Combined reporting creates a significant disincentive to invest in and grow Wisconsin business because it will inevitably lead to taxing income earned from entities without nexus in this state.  Taxing the significantly reduced income of employers will certainly do nothing to “stimulate” the economy; on the contrary it will make Wisconsin less economically attractive than it is at present. 

That is the burden Harley Davidson faces today. While Governor Jim Doyle may say combined reporting is not an issue for Harley Davidson, as he did on Friday, but the $22.5 million in combined reporting taxes is hitting their bottom line like a farm combine slices through a corn field. 

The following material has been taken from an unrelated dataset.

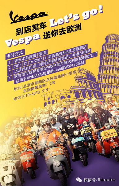 5.头奖将在2015/02/14于风火轮北京Vespa旗舰店进行抽奖,现场同时还有其他奖项!请各位参加抽奖的车友们务必亲临现场

Wisconsin now faces the burden of doing what it can to prevent another large manufacturer from leaving the state. While Harley Davidson so far wishes to handle this as an internal cost-control issue, will the state find itself creating financial incentives to keep Harley Davidson from leaving? Would it not be easier than riding to the rescue of these companies and their employees to just have a business climate already in place that fosters the economic conditions for growth?  

If the goal is tax fairness, as the supporters of combined reporting claim, how is it fair that a company needs to be drowning under the Wisconsin tax burden before they can seek any sort of relief, and then it’s just more exceptions carved out the state tax code? 

Aha! The supporters of higher taxes will say. The state tax burden isn’t so bad according to them, and they point to a study released just prior to the close of the legislative session saying Wisconsin’s tax burden is about average, 24th overall.  

The problem with the study is that the numbers they are using are from 2006-2007, prior to the current budget in place, and even prior to the state budget fix passed last year, too. It’s from a time when Democrats were only in control of the Governor’s mansion and responsibility for the state’s tax policy was shared between the two parties. 

In the 2009-2010 biennium, under complete Democratic control, Wisconsin had one of the largest tax increases in the country (see here for a snapshot on the detrimental budgetary moves of the last two years). Only six other states had a higher percentage increase. That increase includes the new combined reporting tax burden on corporations. 

Defenders of the combined reporting requirement, like former Commerce Secretary Dick Leinenkugel, like to point out that Wisconsin is one of 23 states (out of 45 that tax corporate income) that now have a combined reporting requirement. We might not have been on the cutting edge of new taxes, but that hasn’t prevented Wisconsin business from bleeding. 

State Representative Leah Vukmir has called for a special session to put an end to the combined reporting requirement so Wisconsin businesses can once again be competitive and thrive. It would certainly beat the fire drill method of helping businesses in the state now. 

When the state legislature adjourned with many bills still on the agenda, one of them was recognition of Harley Davidson as the state’s official motorcycle. We’re lucky it didn’t pass, because it might have been a good-bye present to the company as they rolled production out of here.